TASK DESCRIPTION: Take the lines of the data below from the very first through the line containing "Dieser New Yorker" and output them exactly, pictures excluded.
(LISTED RECORDS)
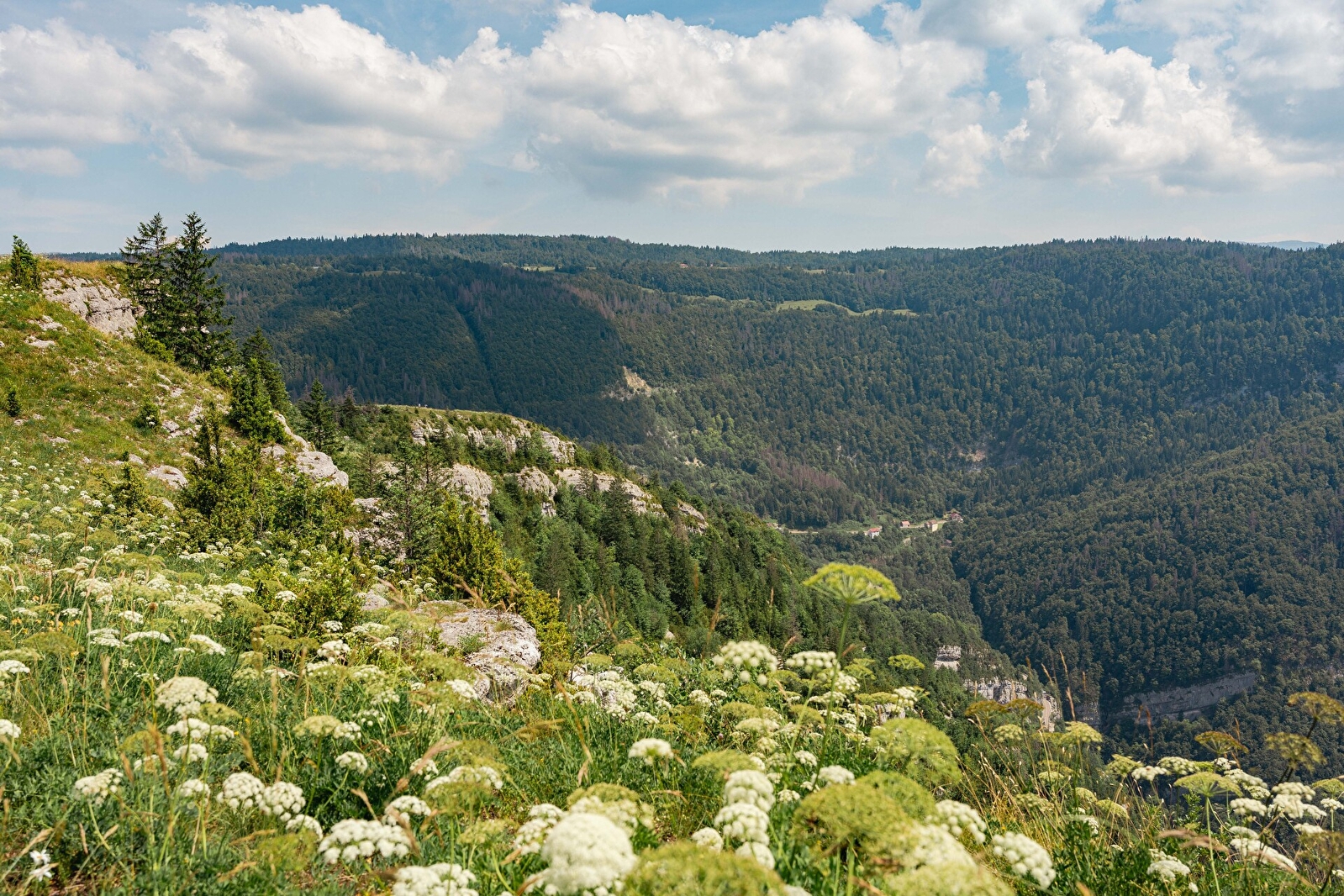 Les Grès de Septmoncel, site classé avec arrêté de protection de biotope, domine la vallée et les gorges du Flumen. Il témoigne de l’activité tectonique qui a formé la chaîne jurassienne et offre un beau panorama sur les reliefs alentours. Pour observer ses plis caractéristiques, le belvédère de la Roche Blanche est le lieu idéal !
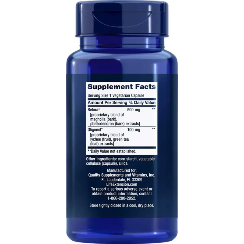 | Relora® [mezcla patentada de extractos de magnolia (corteza) y fellodendro (corteza)] | 500 mg |
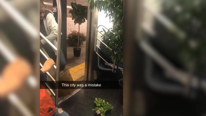 Dieser New Yorker U-Bahnfahrer packt mal eben die ganze Bahn voll - mit riesigen Pflanzen.
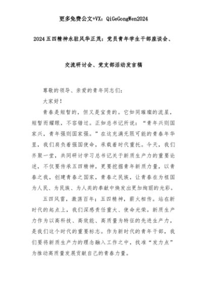 【七哥公文】2025年:2024五四精神永驻风华正茂:党员青年学生干部座谈会、交流研讨会、党支部活动发言稿+更多免费公文+VX:QiGeGongWen2024+更多免费公文+VX:QiGeGongWen2024
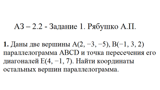 АЗ - 2.2 - Задание 1 Решебник Рябушко А.П. Высшая математика. Векторная алгебра. Помощь в учебе
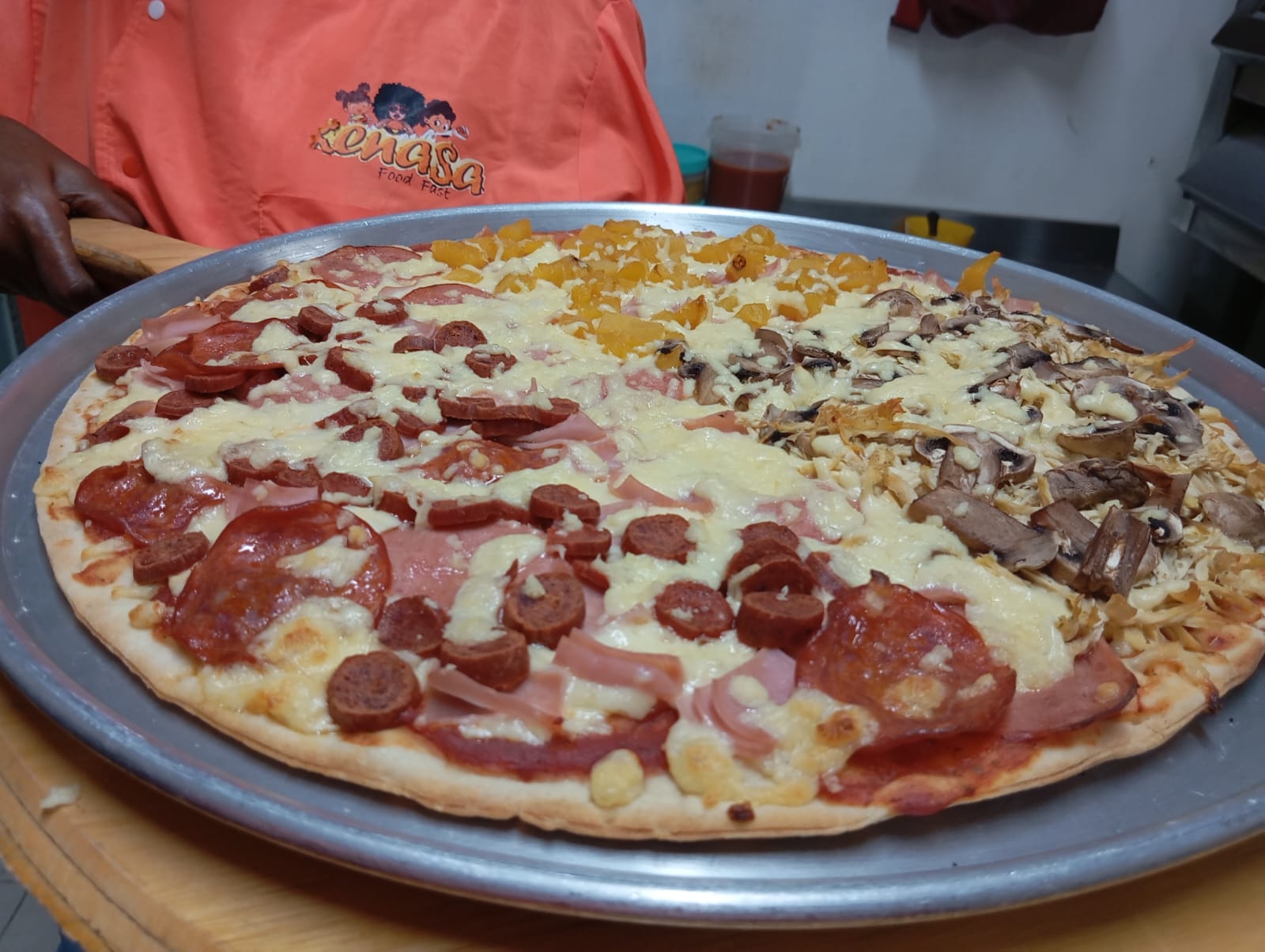 Base De Salsa Napolitana Queso Mozarella Piña calada y jamón.Porción personal Elige Tu Tamaño Ideal
(End LISTED RECORDS)
YOUR SOLUTION:
 Les Grès de Septmoncel, site classé avec arrêté de protection de biotope, domine la vallée et les gorges du Flumen. Il témoigne de l’activité tectonique qui a formé la chaîne jurassienne et offre un beau panorama sur les reliefs alentours. Pour observer ses plis caractéristiques, le belvédère de la Roche Blanche est le lieu idéal !
 | Relora® [mezcla patentada de extractos de magnolia (corteza) y fellodendro (corteza)] | 500 mg |
 Dieser New Yorker U-Bahnfahrer packt mal eben die ganze Bahn voll - mit riesigen Pflanzen.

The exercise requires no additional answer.